When I was eight, I would write down my prayers on a little piece of paper and stick them in a potted plant. I imagined that that the things I prayed for would spout up through the dirt and come true. I was born Hindu, but my parents were laissez-faire card-carrying members of the faith and I remember getting very few answers to my big-picture questions. To them religion was about strict tradition and rituals, not philosophy. I practiced my made-up religious ritual until I was twelve and my family moved homes. I left the plant and religion mostly behind.

For 14 years I was an arm-chair atheist. I would quote Karl Marx’s, “religion is the opiate of the masses” in debates and dog-eared books by Dawkins. But in any crisis, before a test, during a break up, I would recite Hindu mantras under my breath and listen to bhajans. At 26, and in the middle of a meltdown I set up a Hindu shrine. My uncle gave me an ornately framed painting of the goddess Lakshmi, and Lords Murugan and Ganesh, the elephant god and my mother taught me the prayer rituals.

Traditionally, religious shrines are built in a dedicated room in the house. However, in the western architecture style of 2-bedrooms and one-and half bath, the shrines are housed on the second top shelf of the linen closet and attended to every morning. Hindus believe that the living presence of the deity has been ritually infused in the painted image and this helps the user establish a closer connection with god.

Similar to the rituals, the art of making Hindu icons and images is methodically spelt out in canonical Hindu texts. The Shilpa Shastras, similar to a brand style manual, outline the shape, posture, gestures, dimensions, material and processes of creating the image of a deity.  Before Josef Müller-Brockmann pioneered his grid system, Hindu seers had created their own version. Every anatomical feature and posture, from the length of a fingernail to the curve of an eyebrow was measured in the unit of “tala” and arranged in elaborate gridded images.  Each deity also has a list of hand gestures, poses and objects that the artist can include in the painting or sculpture.
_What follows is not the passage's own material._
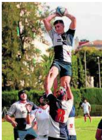
'Touche' del 'Uni'. :: J. J. M.

El 'hambre' de los universitarios es tal que ya no importa la entidad del adversario que se tenga enfrente. En esta ocasión, los hombres de Manolo Conde actuarán como visitantes en el feudo de Las Rozas (16 horas) para luchar contra Industriales. Los madrileños han sacado adelante la mitad de sus compromisos (balance 3-3) gracias, entre otros aspectos, a su solidez como locales. De su campo

However, the exacting nature of Hindu worship made me nervous. I would worry that I wasn’t attending to the gods properly. I gave them filtered water. Never tap. I would prepare platters of fresh fruit weekly, even though this is generally only done on special occasions. And I worried constantly that the linen closet was too close to the bathroom. Instead of devotion, I focused on the aesthetic. The big picture of finding peace got lost in the details.

I put the gods away during a recent renovation and with their presence muted; I remembered my plant on the window-sill and the artless philosophy I practiced; prayers could come true simply by being nurtured and given the time to grow. They don't need big dramatic gestures.